Purpose、日本語に訳すと「目的」。
ビジネスシーンに於いては「企業の存在意義」。
単に金儲けをすることだけが企業の存在意義なわけではなく、企業がこの世に存在することによって社会に貢献することが求められる。環境問題や人権問題といった社会問題に目を向け、株主の利益に応えるだけでなく長期的な企業価値を向上させ、株主に限らず全てのステークホルダーの利害に目配りすることが企業に求められるようになっており、それこそが企業の存在意義となっている。
組織の成功を推進する上での「目的」の役割について、著者は本書において示唆に富んだ考察を具体的に展開している。たとえば以下のような例である。

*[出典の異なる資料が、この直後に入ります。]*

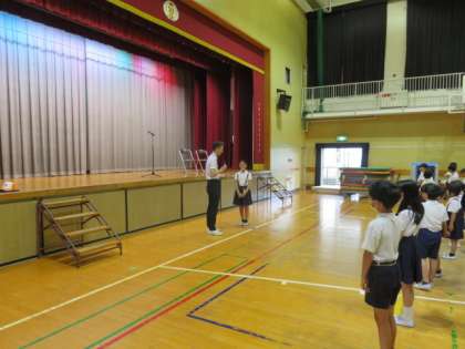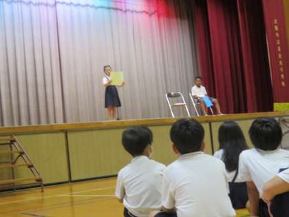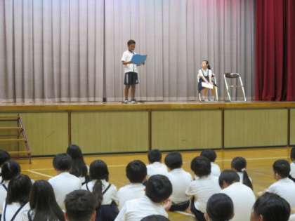 1学期の思いで作文を、2名の児童が発表してくれました。

- 赤字続きのスタディサプリに対して、リクルートはどうして投資し続けた?
- 他者に誇れるパーパスを標榜したはずのFacebookがどうして、世界からバッシングを受ける状況へと陥ったのか?
- 破産寸前にまで追い込まれたはずのレゴが、いかにしてパーパスによって復活したか?

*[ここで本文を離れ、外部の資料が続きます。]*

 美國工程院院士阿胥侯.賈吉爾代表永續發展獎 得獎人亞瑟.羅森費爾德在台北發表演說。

- コーラを売り続けたペプシコは、なぜ、健康を掲げる「大きな物語」を語り出したのか?
- 傑出した企業として再興するために、マイクロソフトはどうして、個人のパーパスを重視したのか?
こうした例を挙げることで、目的は単なる流行語ではなく、企業を内部から変革する強力な力であるという考えを掘り下げている。

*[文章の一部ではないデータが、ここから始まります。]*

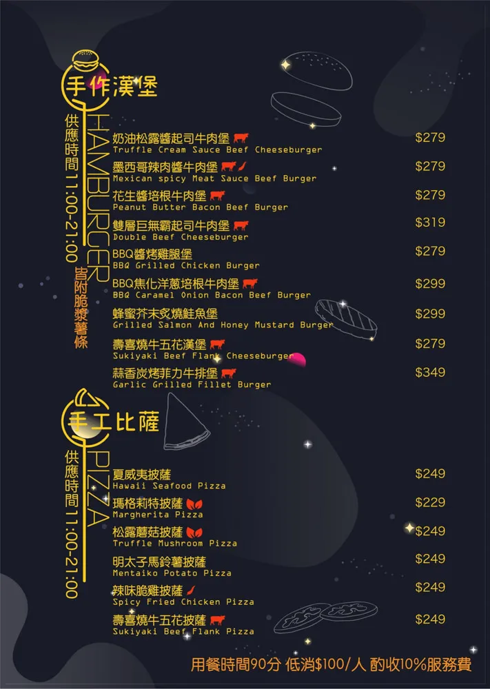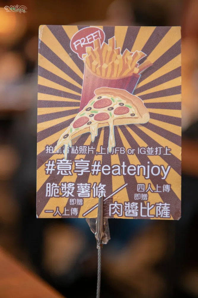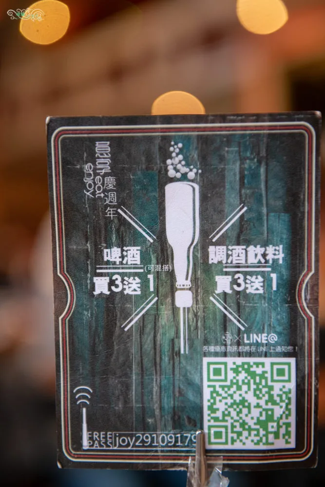 桌上擺放店家近期推出的週年慶優惠活動,拍照打卡上傳臉書或IG即贈薯條或披薩,啤酒與調酒飲料買3送1,可千萬別錯過囉。

本書を読むと身近な企業が達成した成功例と失敗例が見えてくる。目的を追求する上での成功と失敗の両方を紹介していることを目の当たりにした読者は、目的への旅路が必ずしも一筋縄ではいかないこと、そして失敗こそが成長の機会であることを認めることになるであろう。
さらに、目的が多面的な影響を与えることを包括的に分析していることも忘れてはならない。リーダーシップの意思決定、従業員のエンゲージメント、イノベーション、さらには顧客ロイヤルティにどのような影響を与えるかを作者は本書で検証している。
もっとも、本書で記されている内容は真新しいことではない。日本人なら近江商人の三方良しを思い浮かべていただければいい。「儲かれば良い」も「儲からなくても社会貢献できれば良い」も経営のあるべき姿ではなく、自分も、相手も、そして社会にも良い方向に進むのが経営のあるべき姿というのは、世の東西を問わず説かれることと言えるのだ。
なお、本書の記載内容と近江商人との比較については読んでいる途中に脳裏に浮かんでから消えることなく、巻末の解説に書いてあって、「やはり」と考えた次第である。